PH activists slam govt push for coal

Inday Espina-Varona,

Posted at Nov 29 2015 12:54 PM

New coal mining operations started in the Andap Valley complex, Surigao del Sur, while Lumad communities took shelter in evacuation centers after paramilitary attacks. Photo by Caraga Watch

MANILA -- The battle for indigenous people's lands is the elephant in the room whenever the Philippine government discusses climate change mitigation programs.

Environmental watchdog Caraga Watch told ABS-CBN News that coal-mining on Lumad lands and the current frenzy for coal-fired power plants belie a government pledge for 70% reduction in Philippine carbon emissions by 2030.

President Benigno Aquino III's development thrust will also worsen the country's disaster record, Caraga Watch officer Jovy Alamban warned, as environmental groups prepared to join Sunday's climate change protest led by Roman Catholic bishops.

Caraga Watch, which monitors investments in one of the country’s most impoverished but mineral-rich regions, linked coal-mine projects to a spate of murders targeting Lumad leaders in the 60,000-hectare Andap Valley complex in Surigao del Sur.

The valley holds the world’s largest coal block reserve. It is home to 3,000 Lumad who fled Lianga town for the provincial capital after the September 1 militia killings of a school head and two IP leaders.

“Paramilitary forces threatened hundreds of witnesses with new massacres if they did not immediately leave their community,” Alamban said. “Now, soldiers have taken over Lumad schools and communities. Meanwhile, Abacus Coal Exploration and Mining Corporation has brought in coal-mining machinery into the Andap Valley."

Lumad from Lianga, Surigao del Sur, were forced to abandon their farms after the September 1 killings of a school head and two Lumad leaders. Several mining firms have applied to mine for coal in their ancestral lands. Photo by Caraga Watch

The valley sprawls across nine towns.

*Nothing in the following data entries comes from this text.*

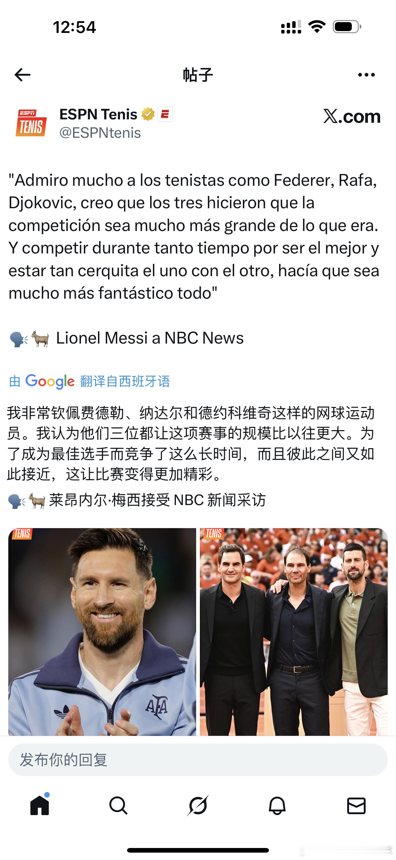 阿根廷🇦🇷足球巨星梅西夸赞网坛三巨头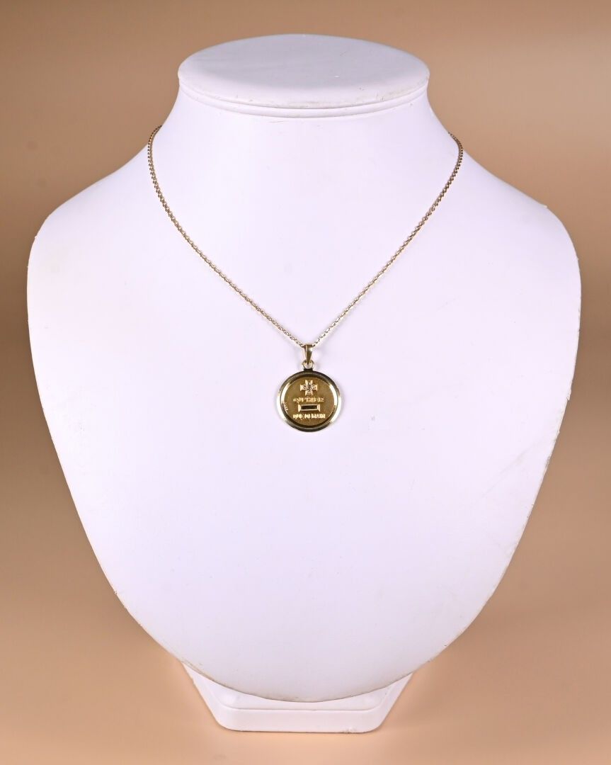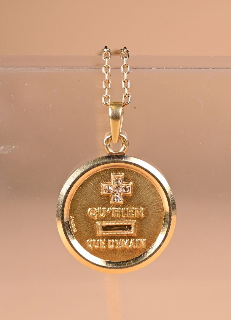 Set in 18K yellow gold 750/1000, comprising a forçat chain and a medallion + qu'hier et - que demain with diamond chips. Chain length: 45.5 cm. Total gross weight: 10.32 g.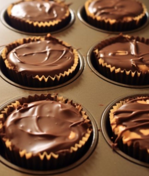 Chocolate Layer: Melt chocolate chips in a separate pan and ladle this into each formed cup.

Mineral production-sharing agreements under Philex Gold Philippines Inc. and Rosario Mining Development Co., Rosario Consolidated Mining Corporation and Sta. Irene Mining Corporation cover more than 6,200 hectares in Lianga alone.

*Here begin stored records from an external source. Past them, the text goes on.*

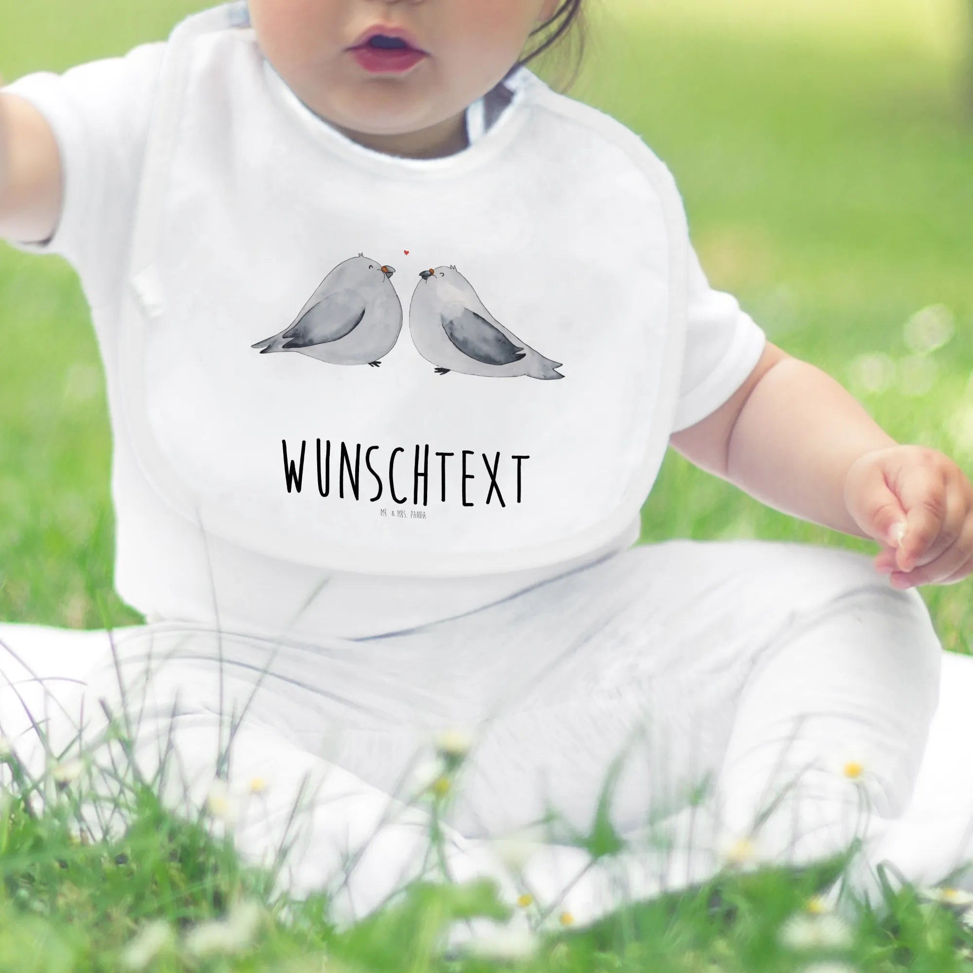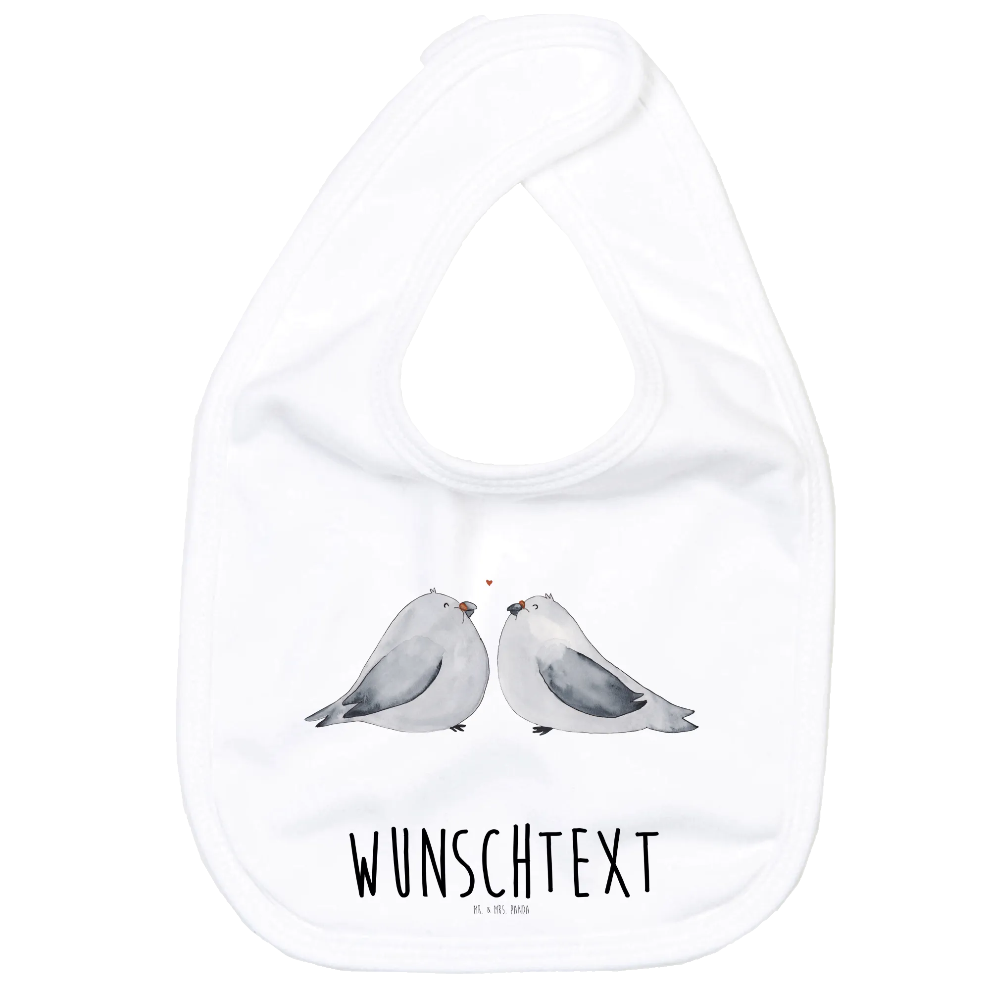 Das zarte Design zeigt die Tauben in sanften Grau- und Weißtönen, die sich liebevoll zu einander neigen. Zwischen ihren Schnäbeln schwebt ein kleines rotes Herz, das die Verbundenheit der beiden Vögel perfekt unterstreicht. Zudem kannst du das Lätzchen mit dem Namen des Babys personalisieren, was es zu einem einzigartigen Geschenk macht.
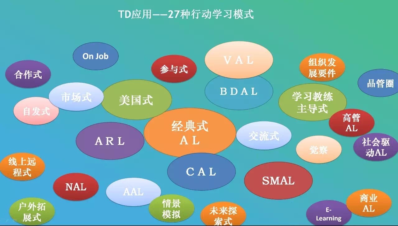 由于虛擬技術(shù)、會(huì)議技術(shù)和學(xué)習(xí)技術(shù)的發(fā)展,行動(dòng)學(xué)習(xí)也有很多技術(shù)上的變形和發(fā)展,此次論壇分享了27種模型,其中我們總結(jié)的色塊比較大的是比較主流的模式與流派,27種當(dāng)中是不是所有的模式都屬于行動(dòng)學(xué)習(xí),也需要我們思考。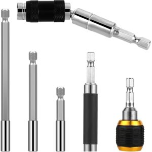 Our flexible magnetic swiveling bit tip holder bar set includes 1 -up magnetic pivot drill bit holder 1 ring magnetic drill bit holder, 1 magnetic rotating drill bit holder, and 3 drill bit extensions in different sizes, the drill bit holder extensions for your daily use tool. Our magnetic swiveling bit tip holder securely holds drill bits or drill bits, even at high speeds, ensuring screwdriver bits stay stable in place, our quick-release nut driver can hold any 1/4inch drill bit, meet your daily work needs Our flexible drill bit extension pivot bit holder set is made of high-quality materials and precision manufacturing, very and reliable even under heavy use, has high hardness, and high torque, is electroplated, and is not easy to rust Our magnetic screw drive guide drill bit tip holder requires no additional tools and the 1/4inch hex handle can be easily replaced by hand. The handle makes changing drill bits a breeze, allowing you to work more efficiently and complete tasks faster

Other mining firms gearing for operations in the Andap Valley are Great Wall Mining and Power Corporation, PNOC Exploration, ASK Mining Exploration Corporation and Benguet Corporation, whose coal contract includes the towns of Lianga, Marihatag and San Miguel, where militia killed another Lumad this month.

COP21 ‘poster boy’

Mr. Aquino is expected to urge increased climate mitigation funding at the 21st Conference of Parties (COP21) to the UN Framework Convention on Climate Change (UNFCCC).

The Philippines is chair of the Climate Vulnerable Forum, a group of 20 nations most vulnerable to climate change impacts.

The event is also an opportunity for the Philippine president to tout his administration’s achievements in sustainable development, which includes a massive re-greening program.

Senator Loren Legarda is all praises for Mr. Aquino's move to extend the National Greening Program's (NGP) lifespan from 2016 to 2028. The government has planted trees on more than a million hectares of that target 7-million hectares.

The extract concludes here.